I am self-learning probability theory from Probability and Random processes by Grimmett, Stirzaker. I don't follow a particular step in the proof of the law of large numbers. I reproduce the proof here, for completeness along with my question.
The law of large numbers.
It is the case that $\frac{S_n}{n}$ converges to $p$ as $n \to \infty$ in the sense that, for all $\epsilon > 0$,
$$\mathbb{P}\left(p - \epsilon \le \frac{S_n}{n} \le p + \epsilon\right) \to 1$$
as $n \to \infty$.
There are certain technicalities involved in the study of the convergence of random variables and this is the reason for the careful statement of the theorem. For the time being, we encourage the reader to interprete the theorem as asserting simply that the proportion $\frac{S_n}{n}$ of the times that the event $A$ occurs converges as $n \to \infty$ to their common probability $p$. Interpreted in terms of tosses of a fair coin, the theorem implies that the proportion of heads is (with large probability) near to $\frac{1}{2}$.
Proof.
Pick an arbitrary small positive real $\epsilon > 0$. We have,
\begin{align*} \mathbb{P}(S_n \ge n(p + \epsilon)) &= \sum_{k \ge n(p + \epsilon)} P(S_n = k) \\ &= \sum_{k = m}^{n} {n \choose k} p^k (1 - p)^{n - k} \tag{1} \end{align*}
where $m$ is the least integer greater than or equal to $n(p+\epsilon)$. The following argument is standard in probability theory.
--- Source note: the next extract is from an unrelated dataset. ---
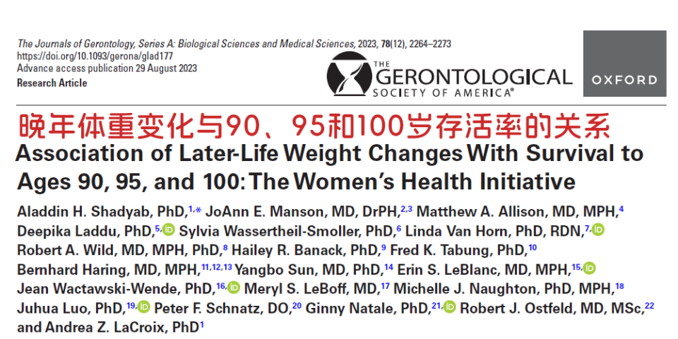 ④Association of Later-Life Weight Changes With Survival to Ages 90, 95, and 100: The Women’s Health Initiative. The Journals Of Gerontology: Series A. doi: 10.1093/gerona/glad177

Let $\lambda > 0$ and note that, if $k \ge m$,
\begin{align*} \lambda k &\ge \lambda n (p + \epsilon) \\ e^{\lambda k} &\ge e^{\lambda n (p + \epsilon)} \end{align*}
So, we have:
\begin{align*} \mathbb{P}(S_n \ge n(p + \epsilon)) &= \sum_{k = m}^{n} {n \choose k} p^k (1 - p)^{n - k} \\ &\le \sum_{k = m}^{n} \{e^{\lambda k - \lambda n (p + \epsilon)}\} {n \choose k} p^k (1 - p)^{n - k} \\ &= e^{-\lambda n \epsilon} \sum_{k = m}^{n} \{e^{\lambda k - \lambda k p - \lambda n p + \lambda kp}\}{n \choose k} p^k (1 - p)^{n - k} \\ &\le e^{-\lambda n \epsilon} \sum_{k = 0}^{n} {n \choose k} (pe^{\lambda q})^k (qe^{-\lambda p})^{n -k}\\ &= e^{-\lambda n \epsilon} (pe^{\lambda q} + qe^{-\lambda p})^n \tag{2} \end{align*}
We are interested to use a rather simple inequality here:
Claim. $e^x \le x + e^{x^2}$
Verification: \begin{align*} e^x &= \sum_{n=0}^{\infty} \frac{x^n}{n!} = 1 + x + \sum_{n=2}^{\infty} \frac{x^n}{n!}\\ &\le 1 + x + \sum_{n=2}^{\infty} \frac{(x^2)^n}{n!}\\ &\le 1 + x + \sum_{n=1}^{\infty} \frac{(x^2)^n}{n!} = x + \sum_{n=0}^{\infty}\frac{(x^2)^n}{n!} \\ &= x + e^{x^2} \tag{3} \end{align*}
With the aid of this inequality, we obtain:
\begin{align*} \mathbb{P}(S_n \ge n(p + \epsilon)) &\le e^{-\lambda n \epsilon} (p\lambda q + pe^{\lambda^2 q^2} - q\lambda p + qe^{\lambda^2 p^2})^n \\ &= e^{-\lambda n \epsilon} \left[pe^{\lambda^2 q^2} + q e^{\lambda^2 p^2}\right]^n \tag{4}\\ &\le e^{\lambda^2 n - \lambda n \epsilon} \tag{5} \end{align*}
We can pick $\lambda$ to minimize the right hand side, namely $\lambda = \frac{\epsilon}{2}$, giving:
\begin{align*} \mathbb{P}(S_n \ge n(p + \epsilon)) &\le e^{-\frac{1}{4}n\epsilon^2} \tag{6} \end{align*}
The above inequality is known as the Bernstein's inequality. It follows immediately that $P(S_n/n \ge p + \epsilon) \to 0$ as $n \to \infty$. An exactly analogous argument shows that $\mathbb{P}(S_n/n \le p - \epsilon) \to 0$ as $n \to \infty$. Thus, the theorem is proved.
Question. How did the author magically go from $(4)$ to $(5)$?